[Data extract]

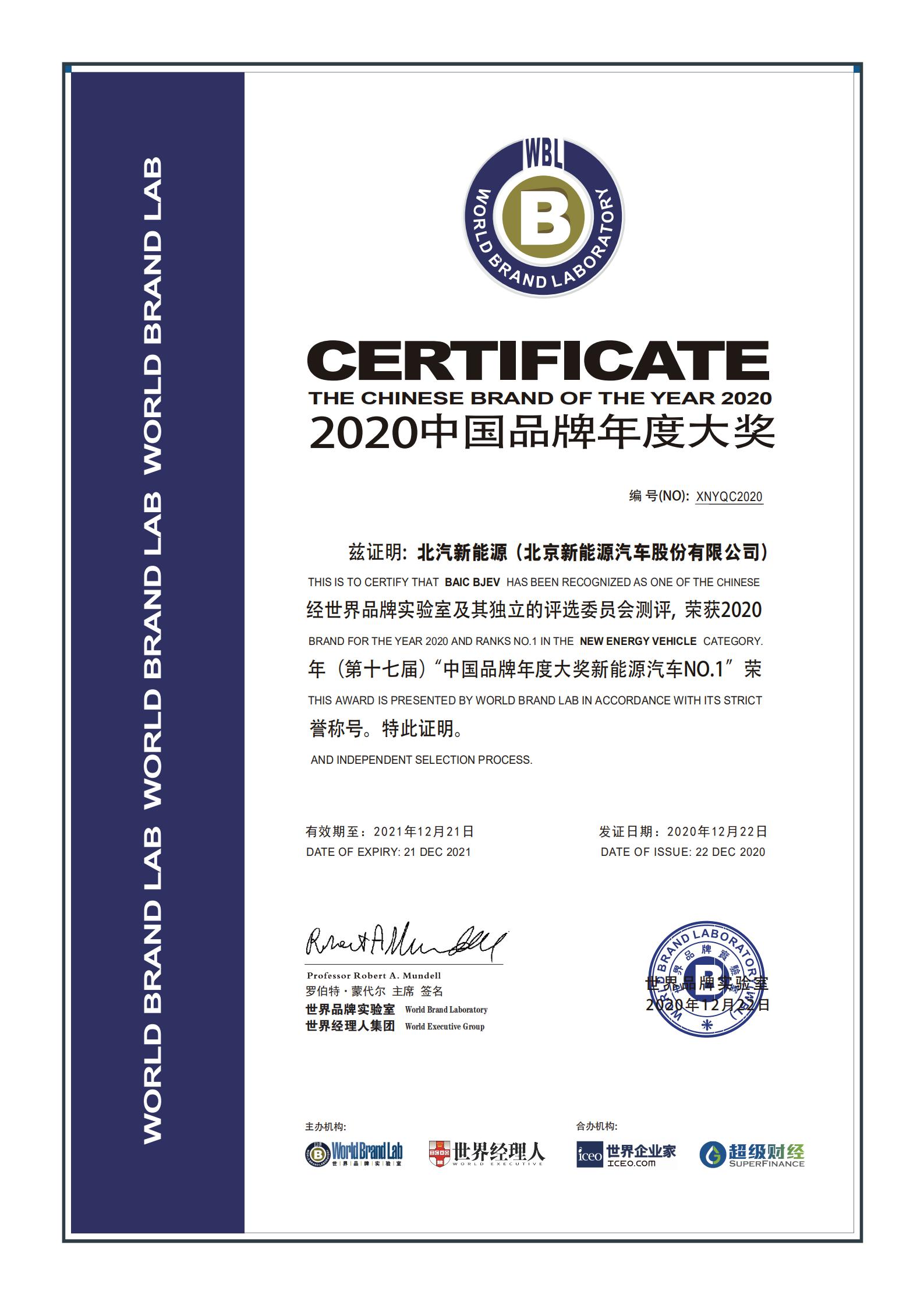 China Beijing, December 22nd 2020—Beijing Electric Vehicle Co., LTD (BAIC BJEV) is listed into 2020 Chinese Most Influential Brands (17th edition) as the sole new energy vehicle company. This highly recognized Chinese brand Oscar is organized and evaluated by World Brand Lab and its independent selection commission, which covers over 35 industrial leaders in 2020 such as Huawei, Air China and Xuzhou Construction Machinery Group.
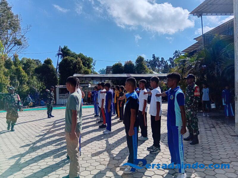 So’e – Pelda Yupiter A Tefi Bersama Tiga anggota Koramil 01/Kota So’e Kodim 1621 TTS Melaksanakan kegiatan pembekalan PBB kepada Siswa/Siswi SMK Kencana Sakti Haumeni Kec. Amaunaban Barat yang terpilih sebagai calon Paskibra Kecamatan Amanuban Barat dalam rangka persiapan HUT RI ke-80 Tahun 2025 yang bertempat fi halaman Sekolah SMK Kencana Sakti Kec. Amanuban Barat Kabupaten TTS. Jum’at (18/07/2025)
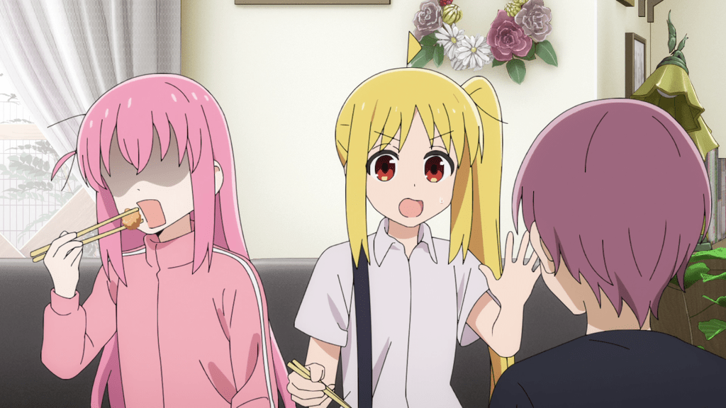 As mentioned earlier, Nijika and Kita meet Bocchi’s family for the first time. This amusingly irks Bocchi a bit as everyone is more sociable than her and she struggles to be part of the conversation. She’s able to able to bribe Futari away with an ice pop though there’s not much she can do with her parents. I laughed pretty hard when Bocchi’s parents admitted that they thought Bocchi’s friends don’t exist or if they do, they’re a part of one of those rental services in Japan. Even with the group photo, they thought it might’ve been photoshopped. It makes sense that they’d be skeptical but damn, talk about savage.
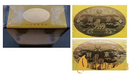 假冒卷煙:該款假冒卷煙南京字體邊緣金色輪廓線和筆畫內無小圓點,字體筆畫顏色暗淡,燙金套印有偏差。(上真下假)

[/Data extract]

- _Exercise details_
Reproduce the lines above exactly, image-free.

- _Task result_
 China Beijing, December 22nd 2020—Beijing Electric Vehicle Co., LTD (BAIC BJEV) is listed into 2020 Chinese Most Influential Brands (17th edition) as the sole new energy vehicle company. This highly recognized Chinese brand Oscar is organized and evaluated by World Brand Lab and its independent selection commission, which covers over 35 industrial leaders in 2020 such as Huawei, Air China and Xuzhou Construction Machinery Group.
 So’e – Pelda Yupiter A Tefi Bersama Tiga anggota Koramil 01/Kota So’e Kodim 1621 TTS Melaksanakan kegiatan pembekalan PBB kepada Siswa/Siswi SMK Kencana Sakti Haumeni Kec. Amaunaban Barat yang terpilih sebagai calon Paskibra Kecamatan Amanuban Barat dalam rangka persiapan HUT RI ke-80 Tahun 2025 yang bertempat fi halaman Sekolah SMK Kencana Sakti Kec. Amanuban Barat Kabupaten TTS. Jum’at (18/07/2025)
 As mentioned earlier, Nijika and Kita meet Bocchi’s family for the first time. This amusingly irks Bocchi a bit as everyone is more sociable than her and she struggles to be part of the conversation. She’s able to able to bribe Futari away with an ice pop though there’s not much she can do with her parents. I laughed pretty hard when Bocchi’s parents admitted that they thought Bocchi’s friends don’t exist or if they do, they’re a part of one of those rental services in Japan. Even with the group photo, they thought it might’ve been photoshopped. It makes sense that they’d be skeptical but damn, talk about savage.
 假冒卷煙:該款假冒卷煙南京字體邊緣金色輪廓線和筆畫內無小圓點,字體筆畫顏色暗淡,燙金套印有偏差。(上真下假)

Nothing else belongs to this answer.